* _EXERCISE DIRECTIONS_:
Reproduce every entry exactly and leave its pictures out.

* _DATA SHOWN_:
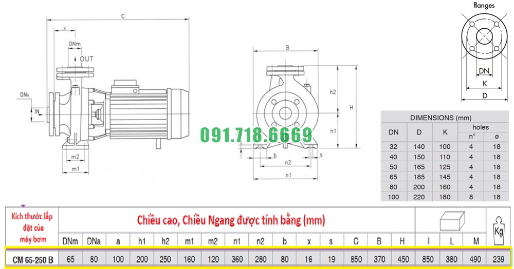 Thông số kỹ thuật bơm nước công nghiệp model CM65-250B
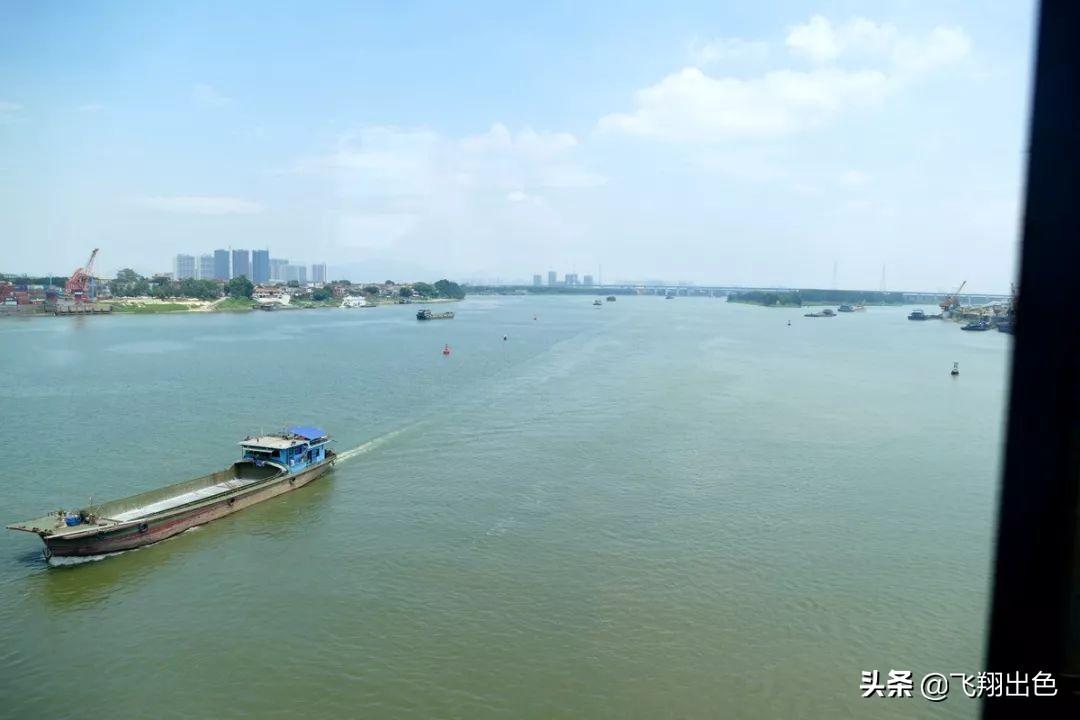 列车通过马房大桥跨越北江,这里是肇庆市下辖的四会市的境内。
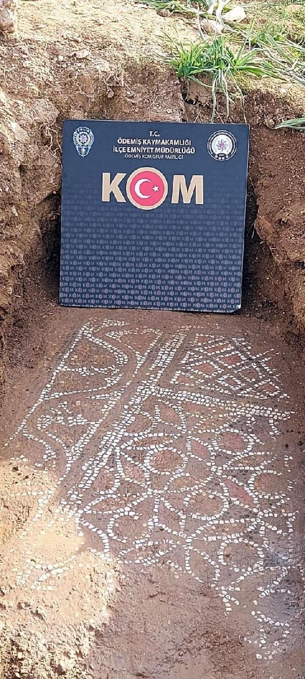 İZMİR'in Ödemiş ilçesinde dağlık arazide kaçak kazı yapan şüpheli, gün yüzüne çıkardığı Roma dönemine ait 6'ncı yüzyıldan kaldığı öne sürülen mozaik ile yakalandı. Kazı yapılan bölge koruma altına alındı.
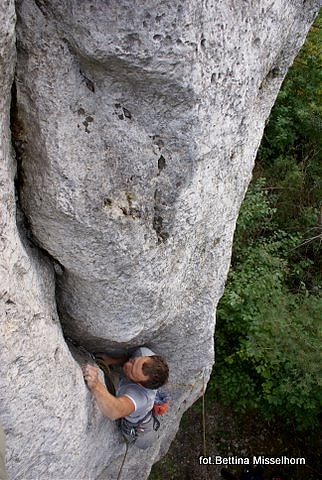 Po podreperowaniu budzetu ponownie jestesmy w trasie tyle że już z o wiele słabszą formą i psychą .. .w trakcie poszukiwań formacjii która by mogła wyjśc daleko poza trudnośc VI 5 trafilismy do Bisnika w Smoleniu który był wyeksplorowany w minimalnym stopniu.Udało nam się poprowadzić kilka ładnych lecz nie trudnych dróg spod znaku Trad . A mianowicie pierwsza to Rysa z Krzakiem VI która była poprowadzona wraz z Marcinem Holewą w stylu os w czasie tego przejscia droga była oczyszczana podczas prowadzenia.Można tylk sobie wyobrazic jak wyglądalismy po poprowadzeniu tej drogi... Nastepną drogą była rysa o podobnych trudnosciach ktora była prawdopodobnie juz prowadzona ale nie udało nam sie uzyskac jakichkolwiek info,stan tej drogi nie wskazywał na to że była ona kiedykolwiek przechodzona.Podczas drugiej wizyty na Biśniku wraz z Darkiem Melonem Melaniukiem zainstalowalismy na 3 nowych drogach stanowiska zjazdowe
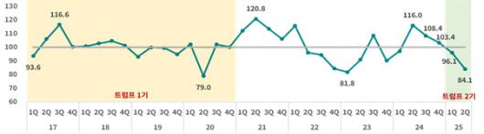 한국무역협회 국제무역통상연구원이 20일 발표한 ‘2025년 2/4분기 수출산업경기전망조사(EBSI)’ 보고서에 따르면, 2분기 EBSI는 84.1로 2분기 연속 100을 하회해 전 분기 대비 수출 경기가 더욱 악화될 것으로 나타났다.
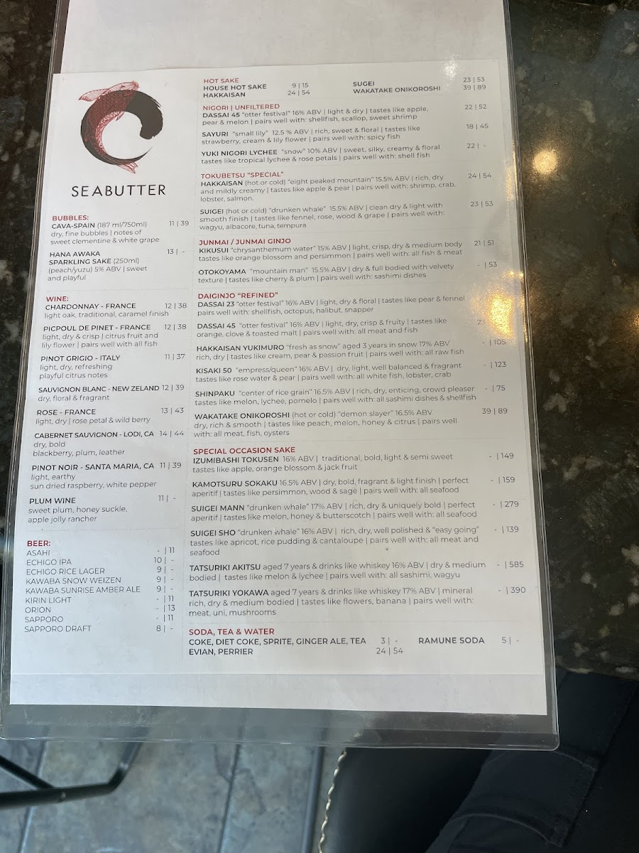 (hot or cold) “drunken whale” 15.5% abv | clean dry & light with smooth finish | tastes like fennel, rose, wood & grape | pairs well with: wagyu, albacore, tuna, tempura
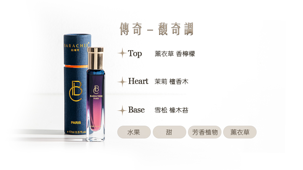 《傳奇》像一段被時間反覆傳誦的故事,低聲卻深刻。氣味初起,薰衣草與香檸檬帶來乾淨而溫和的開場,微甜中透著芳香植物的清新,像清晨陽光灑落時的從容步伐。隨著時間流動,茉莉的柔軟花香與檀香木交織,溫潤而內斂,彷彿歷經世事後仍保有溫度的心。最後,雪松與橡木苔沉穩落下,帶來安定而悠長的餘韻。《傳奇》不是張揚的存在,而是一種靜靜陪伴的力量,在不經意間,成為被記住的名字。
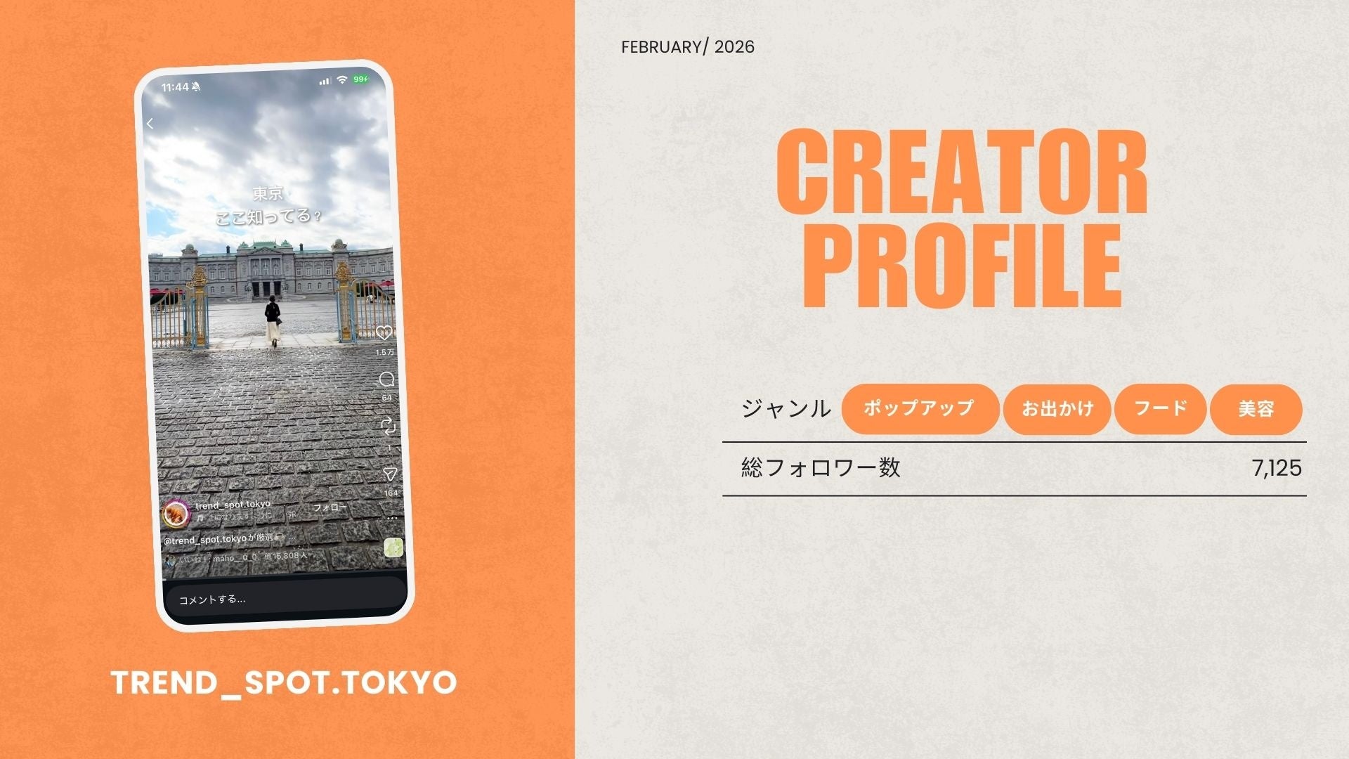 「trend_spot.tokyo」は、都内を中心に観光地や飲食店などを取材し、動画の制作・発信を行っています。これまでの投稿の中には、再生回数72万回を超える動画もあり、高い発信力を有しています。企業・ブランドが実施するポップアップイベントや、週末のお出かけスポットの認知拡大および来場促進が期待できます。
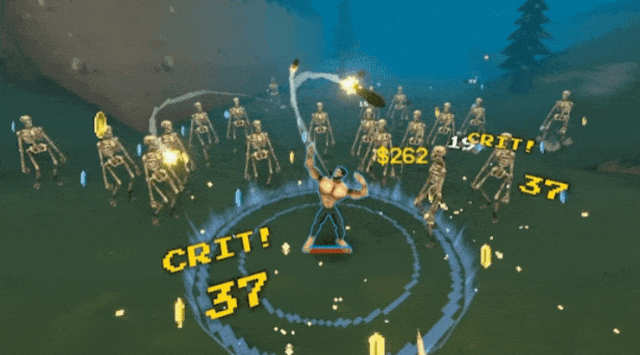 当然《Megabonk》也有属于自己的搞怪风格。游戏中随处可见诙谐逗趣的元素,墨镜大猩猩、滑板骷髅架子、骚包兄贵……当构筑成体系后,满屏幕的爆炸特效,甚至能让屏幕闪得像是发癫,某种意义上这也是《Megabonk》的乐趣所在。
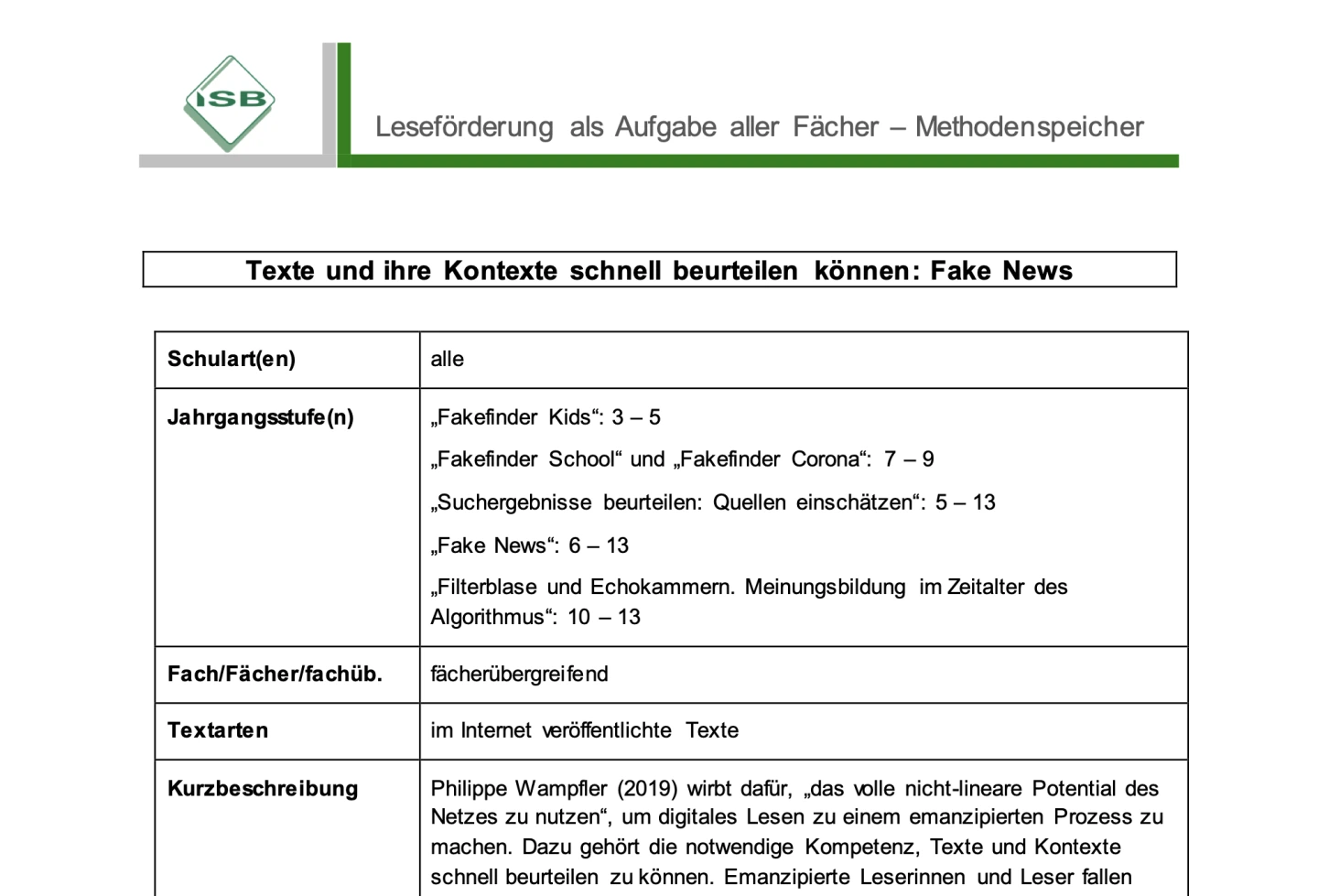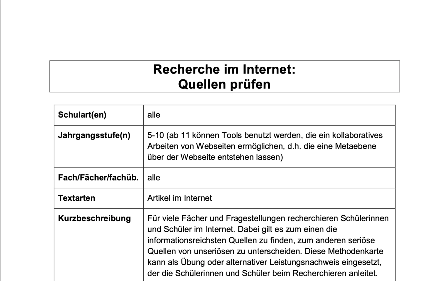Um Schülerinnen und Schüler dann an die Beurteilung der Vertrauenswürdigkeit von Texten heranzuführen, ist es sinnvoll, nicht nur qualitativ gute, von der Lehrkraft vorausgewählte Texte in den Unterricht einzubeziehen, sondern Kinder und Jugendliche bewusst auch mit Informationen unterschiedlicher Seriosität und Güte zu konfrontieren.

* _RESPONSE TO THIS TASK_:
 Thông số kỹ thuật bơm nước công nghiệp model CM65-250B
 列车通过马房大桥跨越北江,这里是肇庆市下辖的四会市的境内。
 İZMİR'in Ödemiş ilçesinde dağlık arazide kaçak kazı yapan şüpheli, gün yüzüne çıkardığı Roma dönemine ait 6'ncı yüzyıldan kaldığı öne sürülen mozaik ile yakalandı. Kazı yapılan bölge koruma altına alındı.
 Po podreperowaniu budzetu ponownie jestesmy w trasie tyle że już z o wiele słabszą formą i psychą .. .w trakcie poszukiwań formacjii która by mogła wyjśc daleko poza trudnośc VI 5 trafilismy do Bisnika w Smoleniu który był wyeksplorowany w minimalnym stopniu.Udało nam się poprowadzić kilka ładnych lecz nie trudnych dróg spod znaku Trad . A mianowicie pierwsza to Rysa z Krzakiem VI która była poprowadzona wraz z Marcinem Holewą w stylu os w czasie tego przejscia droga była oczyszczana podczas prowadzenia.Można tylk sobie wyobrazic jak wyglądalismy po poprowadzeniu tej drogi... Nastepną drogą była rysa o podobnych trudnosciach ktora była prawdopodobnie juz prowadzona ale nie udało nam sie uzyskac jakichkolwiek info,stan tej drogi nie wskazywał na to że była ona kiedykolwiek przechodzona.Podczas drugiej wizyty na Biśniku wraz z Darkiem Melonem Melaniukiem zainstalowalismy na 3 nowych drogach stanowiska zjazdowe
 한국무역협회 국제무역통상연구원이 20일 발표한 ‘2025년 2/4분기 수출산업경기전망조사(EBSI)’ 보고서에 따르면, 2분기 EBSI는 84.1로 2분기 연속 100을 하회해 전 분기 대비 수출 경기가 더욱 악화될 것으로 나타났다.
 (hot or cold) “drunken whale” 15.5% abv | clean dry & light with smooth finish | tastes like fennel, rose, wood & grape | pairs well with: wagyu, albacore, tuna, tempura
 《傳奇》像一段被時間反覆傳誦的故事,低聲卻深刻。氣味初起,薰衣草與香檸檬帶來乾淨而溫和的開場,微甜中透著芳香植物的清新,像清晨陽光灑落時的從容步伐。隨著時間流動,茉莉的柔軟花香與檀香木交織,溫潤而內斂,彷彿歷經世事後仍保有溫度的心。最後,雪松與橡木苔沉穩落下,帶來安定而悠長的餘韻。《傳奇》不是張揚的存在,而是一種靜靜陪伴的力量,在不經意間,成為被記住的名字。
 「trend_spot.tokyo」は、都内を中心に観光地や飲食店などを取材し、動画の制作・発信を行っています。これまでの投稿の中には、再生回数72万回を超える動画もあり、高い発信力を有しています。企業・ブランドが実施するポップアップイベントや、週末のお出かけスポットの認知拡大および来場促進が期待できます。
 当然《Megabonk》也有属于自己的搞怪风格。游戏中随处可见诙谐逗趣的元素,墨镜大猩猩、滑板骷髅架子、骚包兄贵……当构筑成体系后,满屏幕的爆炸特效,甚至能让屏幕闪得像是发癫,某种意义上这也是《Megabonk》的乐趣所在。
Um Schülerinnen und Schüler dann an die Beurteilung der Vertrauenswürdigkeit von Texten heranzuführen, ist es sinnvoll, nicht nur qualitativ gute, von der Lehrkraft vorausgewählte Texte in den Unterricht einzubeziehen, sondern Kinder und Jugendliche bewusst auch mit Informationen unterschiedlicher Seriosität und Güte zu konfrontieren.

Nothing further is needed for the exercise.